Studying Contagious Yawning Might Help Us Build Better Societies

Scientific American:

We often turn to dogs and to chimpanzees to understand our species. Chimpanzees are our closest relatives (with bonobos), while centuries of selective breeding have turned dogs into a species uniquely suited to comprehend our own social cues. If anybody can help us understand contagious yawning, it’s them. This week, primatologists Matthew Campbell and Frans de Waal of the Yerkes National Primate Research Center at Emory University added a new chapter to the ongoing story of contagious yawning.

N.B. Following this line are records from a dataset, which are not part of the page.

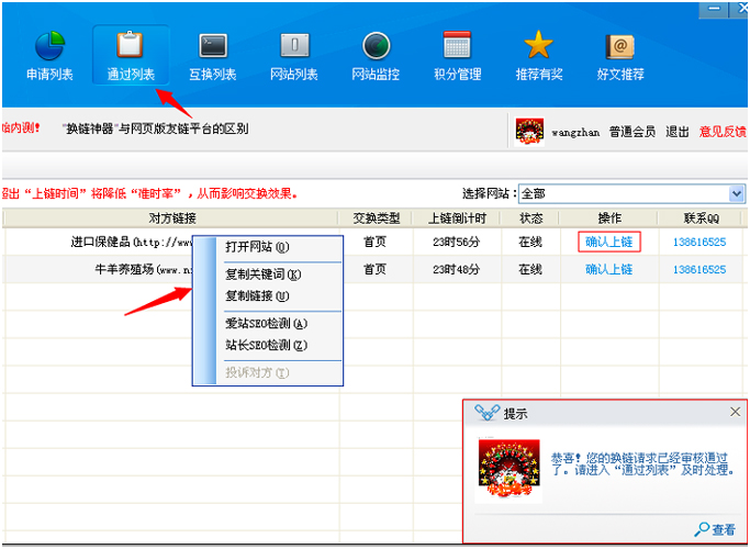 第五步:待对方同意后,您所登陆客户端也会收到一个提示窗口,点击“查看”会客户端会跳转至“通过列表”在这里您可以的按对方互换的关键词和网 址进行添加友情链接,然后点击“确认上链”(关键词和网址可以直接在相应列表上右击进行复制粘贴操作)
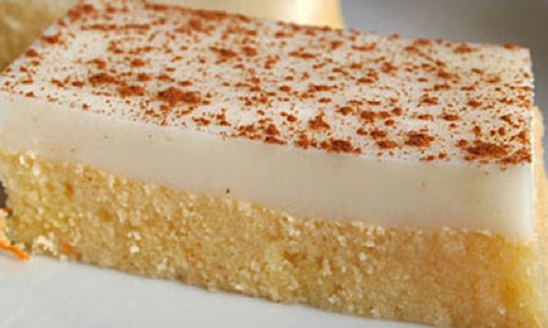 Από το γάλα κρατάμε περίπου ¾ κούπας και διαλύουμε μέσα το νισεστέ. Το υπόλοιπο το βάζουμε με τη ζάχαρη στη φωτιά. Ανακατεύουμε να λιώσει η ζάχαρη και μετά το αφήνουμε να κάψει. Στο καυτό γάλα προσθέτουμε ανακατεύοντας το γάλα με το διαλυμένο νισεστέ. Συνεχίζουμε το βράσιμο, ανακατεύοντας, μέχρι να πήξει η κρέμα. Απλώνουμε την κρέμα πάνω στο σιροπιασμένο γλυκό και αφήνουμε να κρυώσει. Αν θέλουμε πασπαλίζουμε με τριμμένη κανέλα. Πριν από το σερβίρισμα το κόβουμε σε ορθογώνια κομμάτια.
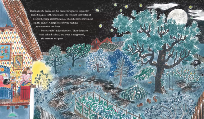 Betty is quite sad and determined to find the culprit. That night, when she peers out her window, she sees a large creature “pushing its nose under the fence,” but she loses sight of it when the moon drifts behind a cloud.

But to understand their findings, its worth looking back at the history of contagious yawning research and the ongoing controversy over whether it reflects empathy or not.

There was once a time when scientists believed that the function of yawning was to cool the brain, or to relieve stress. Sometimes it is. But researchers quickly realized that yawning was a rather curious behavior; it was contagious. When you watch someone yawn, you’re more likely to yawn in response, than when you watch another person do just about anything else. That means yawning has a social component. Indeed, humans with developmental and personality disorders that feature social deficits also show less susceptibility to the yawn contagion. In addition, contagious yawning is elicited more strongly by familiar individuals than by strangers. That’s true not just for humans, but for chimpanzees, bonobos, and gelada baboons. While contagious yawning hasn’t been studied in rats, mice, elephants, and birds, there is a link in those animals between familiarity and empathy-related behaviors as well.